#### Input ####

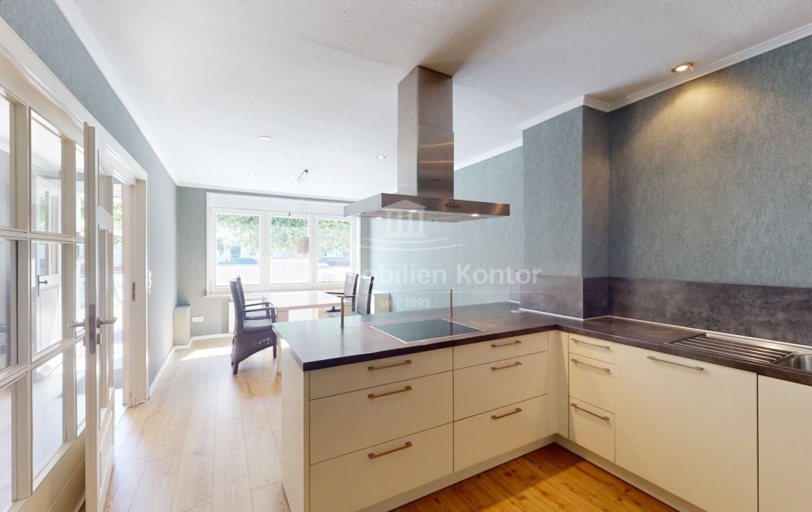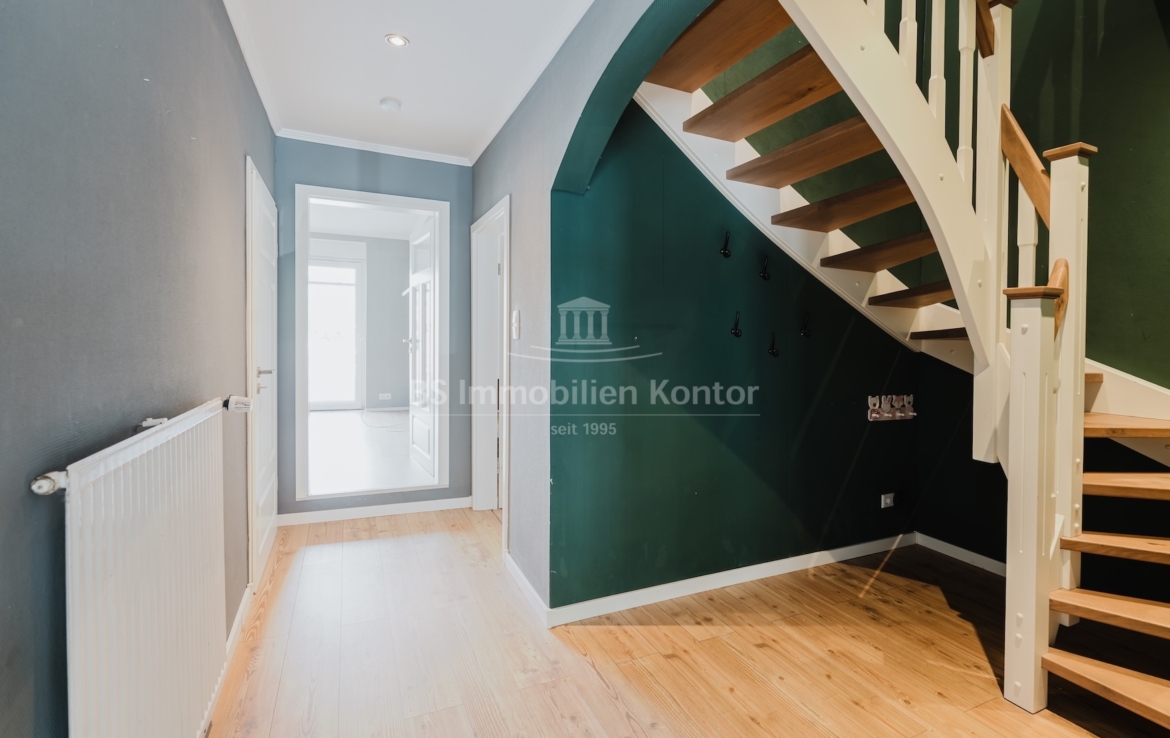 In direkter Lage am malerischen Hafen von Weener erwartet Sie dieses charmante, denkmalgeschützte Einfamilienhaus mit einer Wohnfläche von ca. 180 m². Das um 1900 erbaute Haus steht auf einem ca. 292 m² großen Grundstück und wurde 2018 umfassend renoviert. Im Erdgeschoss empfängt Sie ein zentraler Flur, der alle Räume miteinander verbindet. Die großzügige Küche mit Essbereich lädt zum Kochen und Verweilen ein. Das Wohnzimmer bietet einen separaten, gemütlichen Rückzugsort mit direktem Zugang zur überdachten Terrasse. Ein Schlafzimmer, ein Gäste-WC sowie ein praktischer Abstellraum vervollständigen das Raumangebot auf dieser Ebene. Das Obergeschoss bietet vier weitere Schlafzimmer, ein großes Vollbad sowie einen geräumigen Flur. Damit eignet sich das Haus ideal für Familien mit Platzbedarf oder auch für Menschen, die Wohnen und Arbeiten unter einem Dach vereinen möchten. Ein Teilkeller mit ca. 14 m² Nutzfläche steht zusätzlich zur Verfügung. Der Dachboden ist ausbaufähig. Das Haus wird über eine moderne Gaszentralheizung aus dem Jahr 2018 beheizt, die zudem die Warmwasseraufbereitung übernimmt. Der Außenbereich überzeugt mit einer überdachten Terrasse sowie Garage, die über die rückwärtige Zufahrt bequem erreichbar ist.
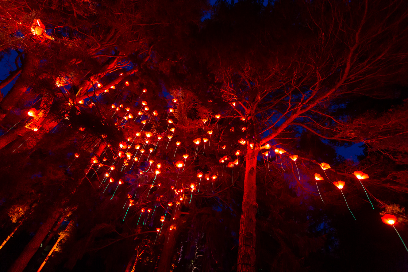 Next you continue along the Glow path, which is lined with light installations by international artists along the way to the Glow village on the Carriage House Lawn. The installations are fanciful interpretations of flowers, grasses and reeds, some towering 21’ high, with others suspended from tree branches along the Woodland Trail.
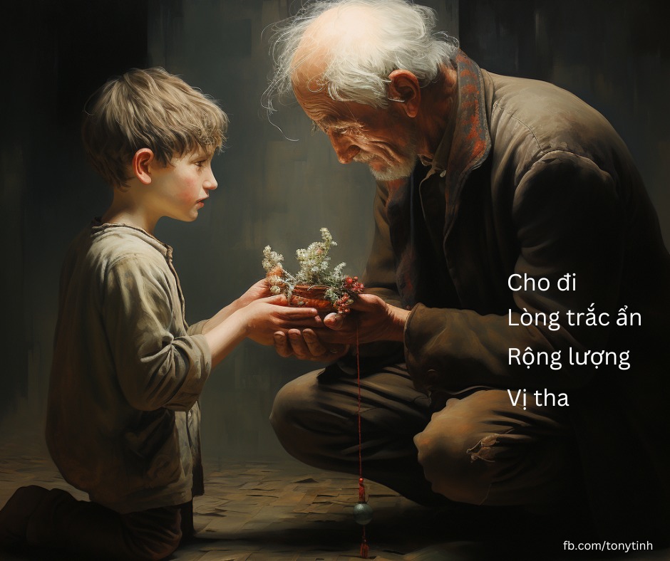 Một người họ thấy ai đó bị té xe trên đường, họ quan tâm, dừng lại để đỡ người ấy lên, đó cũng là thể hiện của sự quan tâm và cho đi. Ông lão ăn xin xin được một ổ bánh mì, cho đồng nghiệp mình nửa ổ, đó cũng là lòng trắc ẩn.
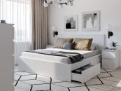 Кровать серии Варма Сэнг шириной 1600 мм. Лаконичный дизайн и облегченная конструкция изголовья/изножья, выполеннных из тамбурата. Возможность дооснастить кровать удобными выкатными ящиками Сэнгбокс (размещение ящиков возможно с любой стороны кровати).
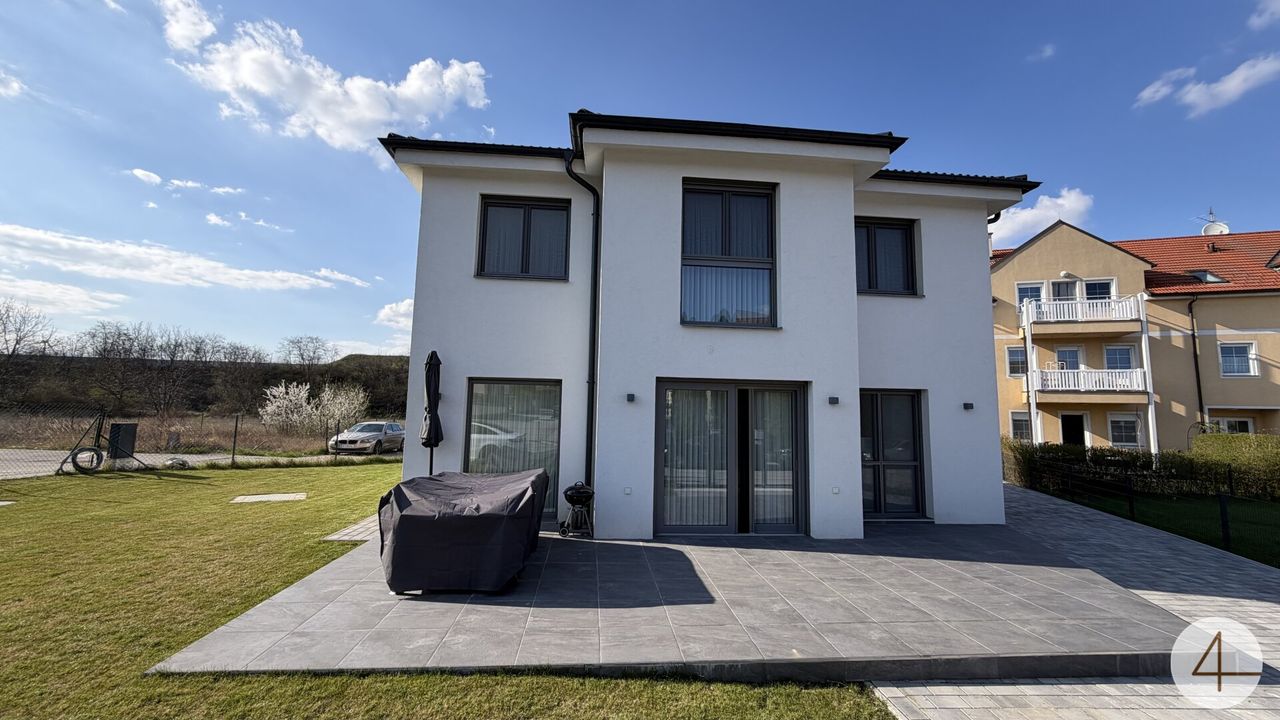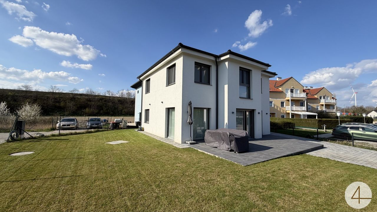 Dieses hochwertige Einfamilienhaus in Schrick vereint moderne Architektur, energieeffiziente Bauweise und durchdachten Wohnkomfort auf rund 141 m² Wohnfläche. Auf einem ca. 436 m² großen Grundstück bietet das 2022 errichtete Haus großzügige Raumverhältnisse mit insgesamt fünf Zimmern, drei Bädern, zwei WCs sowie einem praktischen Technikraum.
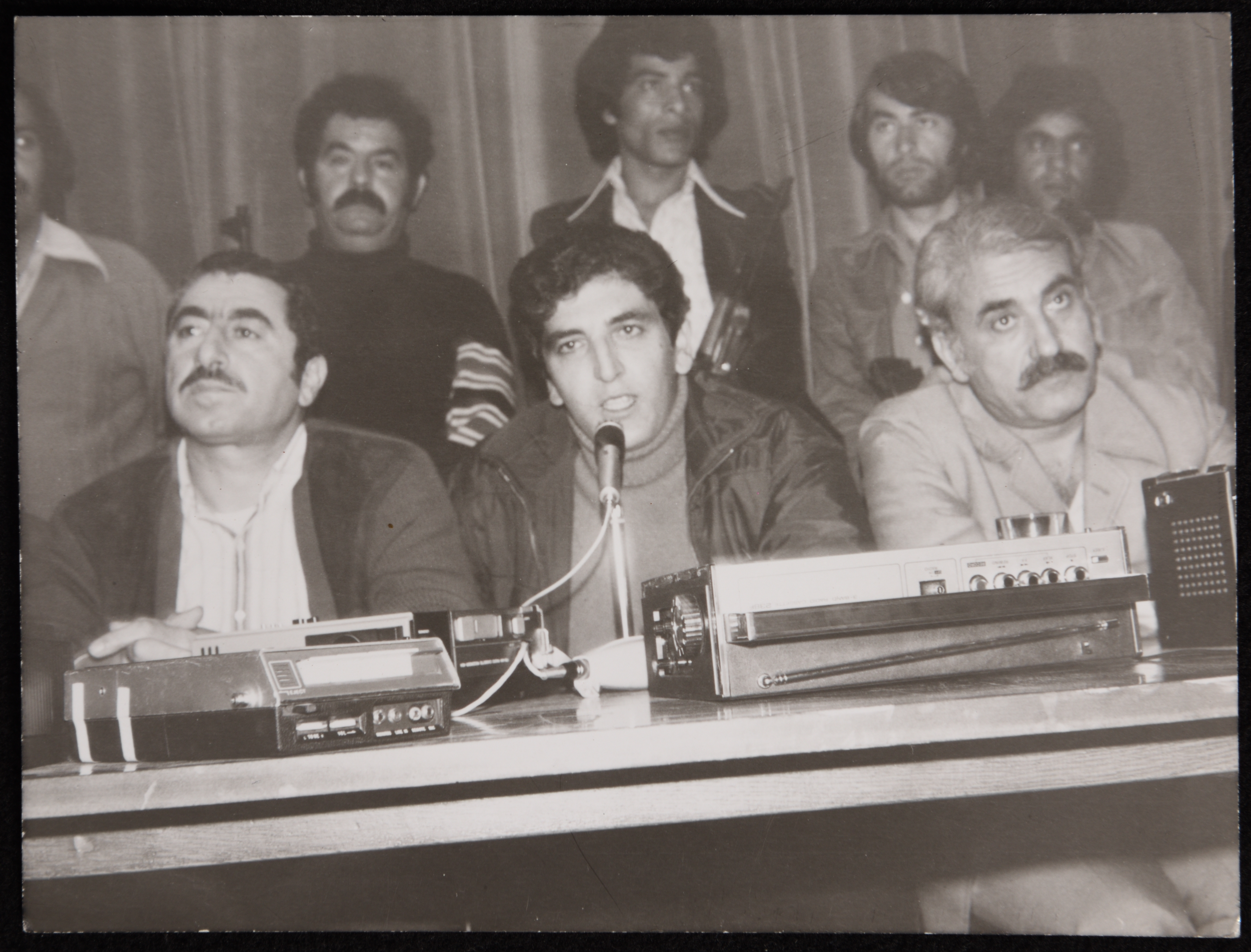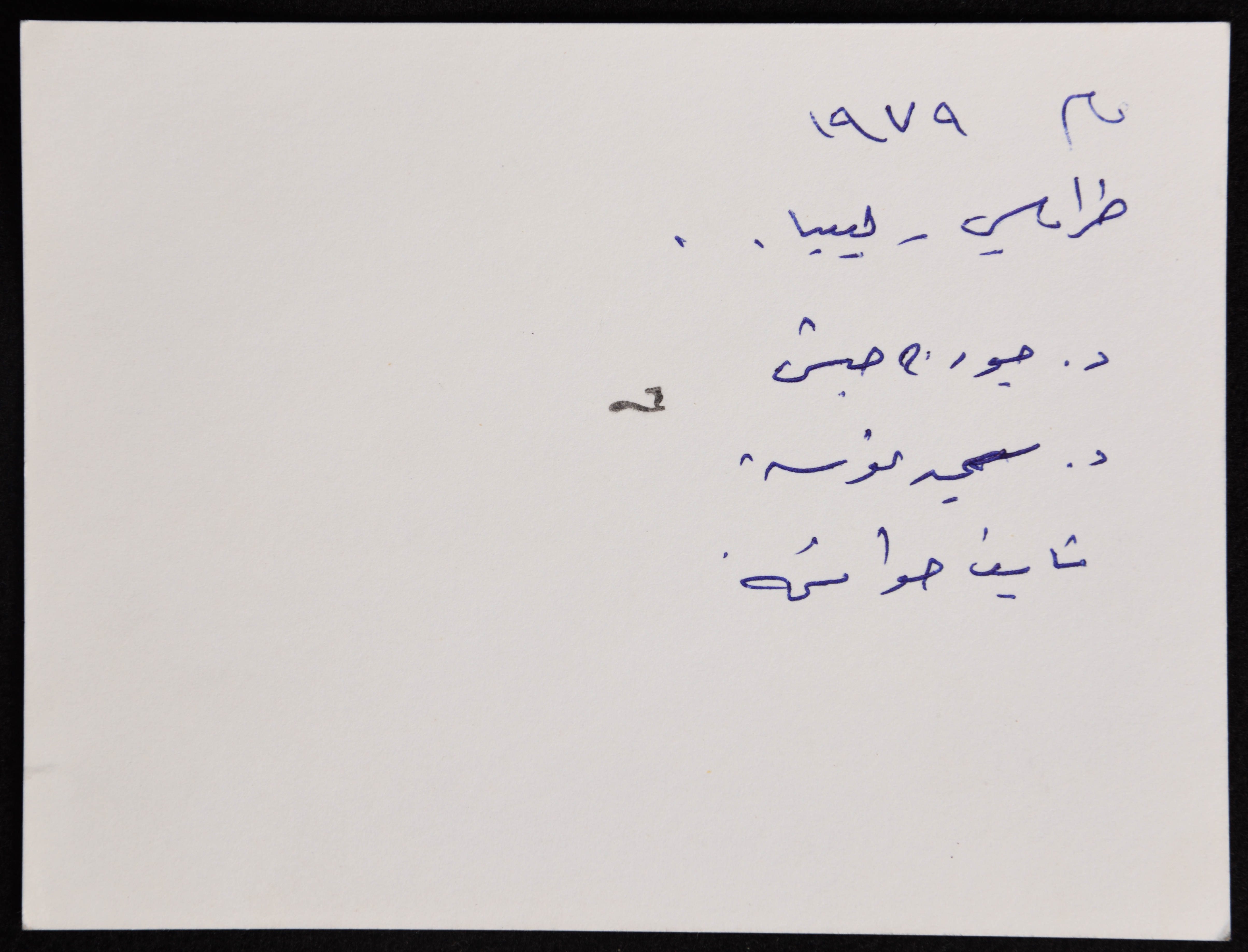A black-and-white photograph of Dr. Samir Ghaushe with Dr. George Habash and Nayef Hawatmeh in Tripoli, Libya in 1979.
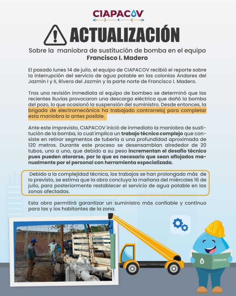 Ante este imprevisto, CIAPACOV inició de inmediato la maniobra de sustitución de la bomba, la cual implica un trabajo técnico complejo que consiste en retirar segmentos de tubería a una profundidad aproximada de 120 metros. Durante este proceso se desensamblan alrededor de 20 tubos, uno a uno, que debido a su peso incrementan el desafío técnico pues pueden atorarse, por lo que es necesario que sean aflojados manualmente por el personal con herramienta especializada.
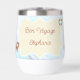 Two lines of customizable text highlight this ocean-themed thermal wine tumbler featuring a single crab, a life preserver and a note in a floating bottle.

####

• **Problem details**:
Your answer must be an exact transcription of every entry, minus the pictures.

• **Written answer**:
 In direkter Lage am malerischen Hafen von Weener erwartet Sie dieses charmante, denkmalgeschützte Einfamilienhaus mit einer Wohnfläche von ca. 180 m². Das um 1900 erbaute Haus steht auf einem ca. 292 m² großen Grundstück und wurde 2018 umfassend renoviert. Im Erdgeschoss empfängt Sie ein zentraler Flur, der alle Räume miteinander verbindet. Die großzügige Küche mit Essbereich lädt zum Kochen und Verweilen ein. Das Wohnzimmer bietet einen separaten, gemütlichen Rückzugsort mit direktem Zugang zur überdachten Terrasse. Ein Schlafzimmer, ein Gäste-WC sowie ein praktischer Abstellraum vervollständigen das Raumangebot auf dieser Ebene. Das Obergeschoss bietet vier weitere Schlafzimmer, ein großes Vollbad sowie einen geräumigen Flur. Damit eignet sich das Haus ideal für Familien mit Platzbedarf oder auch für Menschen, die Wohnen und Arbeiten unter einem Dach vereinen möchten. Ein Teilkeller mit ca. 14 m² Nutzfläche steht zusätzlich zur Verfügung. Der Dachboden ist ausbaufähig. Das Haus wird über eine moderne Gaszentralheizung aus dem Jahr 2018 beheizt, die zudem die Warmwasseraufbereitung übernimmt. Der Außenbereich überzeugt mit einer überdachten Terrasse sowie Garage, die über die rückwärtige Zufahrt bequem erreichbar ist.
 Next you continue along the Glow path, which is lined with light installations by international artists along the way to the Glow village on the Carriage House Lawn. The installations are fanciful interpretations of flowers, grasses and reeds, some towering 21’ high, with others suspended from tree branches along the Woodland Trail.
 Một người họ thấy ai đó bị té xe trên đường, họ quan tâm, dừng lại để đỡ người ấy lên, đó cũng là thể hiện của sự quan tâm và cho đi. Ông lão ăn xin xin được một ổ bánh mì, cho đồng nghiệp mình nửa ổ, đó cũng là lòng trắc ẩn.
 Кровать серии Варма Сэнг шириной 1600 мм. Лаконичный дизайн и облегченная конструкция изголовья/изножья, выполеннных из тамбурата. Возможность дооснастить кровать удобными выкатными ящиками Сэнгбокс (размещение ящиков возможно с любой стороны кровати).
 Dieses hochwertige Einfamilienhaus in Schrick vereint moderne Architektur, energieeffiziente Bauweise und durchdachten Wohnkomfort auf rund 141 m² Wohnfläche. Auf einem ca. 436 m² großen Grundstück bietet das 2022 errichtete Haus großzügige Raumverhältnisse mit insgesamt fünf Zimmern, drei Bädern, zwei WCs sowie einem praktischen Technikraum.
A black-and-white photograph of Dr. Samir Ghaushe with Dr. George Habash and Nayef Hawatmeh in Tripoli, Libya in 1979.
 Ante este imprevisto, CIAPACOV inició de inmediato la maniobra de sustitución de la bomba, la cual implica un trabajo técnico complejo que consiste en retirar segmentos de tubería a una profundidad aproximada de 120 metros. Durante este proceso se desensamblan alrededor de 20 tubos, uno a uno, que debido a su peso incrementan el desafío técnico pues pueden atorarse, por lo que es necesario que sean aflojados manualmente por el personal con herramienta especializada.
 Two lines of customizable text highlight this ocean-themed thermal wine tumbler featuring a single crab, a life preserver and a note in a floating bottle.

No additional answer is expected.